1. April 2018

Kinder helfen Angehörigen


Sie kochen für die kranke Mutter, erledigen die Wäsche, lesen dem bettlägerigen Grossvater vor oder baden die kleine Schwester: Die sogenannten Young Carers haben viele Gesichter. Meist sind sie für Aussenstehende nicht als solche erkennbar. «Sie wollen nicht anders sein als die anderen und geben sich alle Mühe zu verbergen, wie stark sie leiden», sagt Agnes Leu, Professorin an der Zürcher Kalaidos Fachhochschule. Sie leitet bei Careum ein Forschungsprogramm zum Thema.
Viele Kinder kümmern sich um kranke Angehörige, NZZaS, 1.4. von René Donzé


Die ersten Ergebnisse erstaunen selbst die Expertin: 8 Prozent aller Kinder im Alter zwischen 10 und 15 Jahren nehmen Betreuungsaufgaben in ihrem privaten Umfeld wahr. Die Zahlen sind repräsentativ und beruhen auf einer Online-Befragung in 230 Schweizer Schulen. «Bisher sind wir aufgrund von Schätzungen etwa von halb so vielen Betroffenen ausgegangen», sagt Leu. Der Geschlechterunterschied ist relativ gering: Bei den Mädchen sind es 9,2 Prozent, bei den Knaben 6,6 Prozent. Im Erwachsenenalter sind es dann fast nur Frauen, die Angehörige pflegen.

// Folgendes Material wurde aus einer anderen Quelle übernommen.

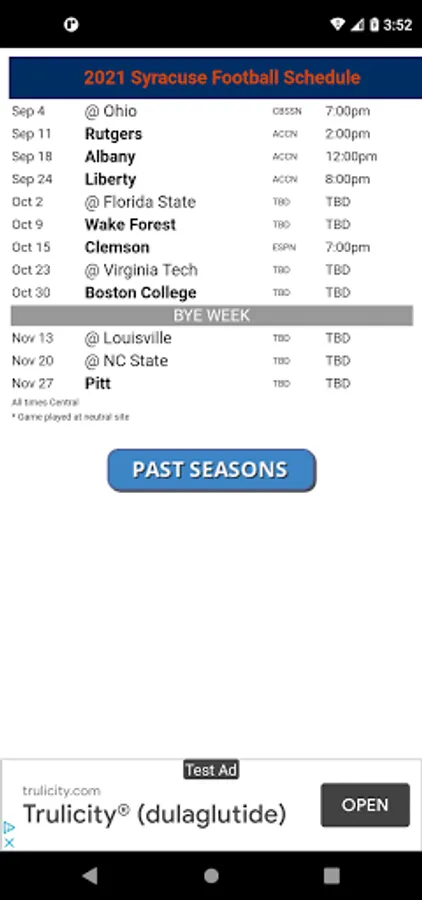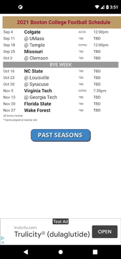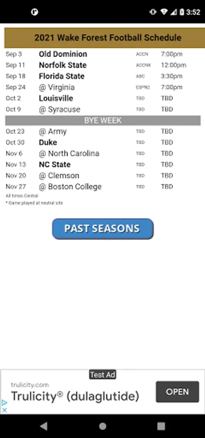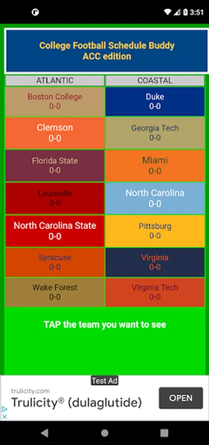 This is a FREE college football app that supplies information and news to the universities fans. It shows the current seasons football schedule and scores when they become available. This app is not affiliated with the ACC or its universities. This information is used under the fair use provision of the Copyright Act for reporting information.

«Die Grenze zwischen normaler Mithilfe im Haushalt und belastender Pflege ist fliessend», sagt Leu. Nicht jeder Handgriff von Kindern mache diese gleich zu Young Carers; es muss eine belastende Situation vorliegen. Diese hat oft Einfluss auf die schulische Leistung. Die Kinder sind dann müde und unkonzentriert. Die Umfrage ergab für je etwa ein Drittel der Betroffenen eine geringe oder moderate Belastung, bei 22 Prozent ist sie hoch, bei 16 Prozent sehr hoch.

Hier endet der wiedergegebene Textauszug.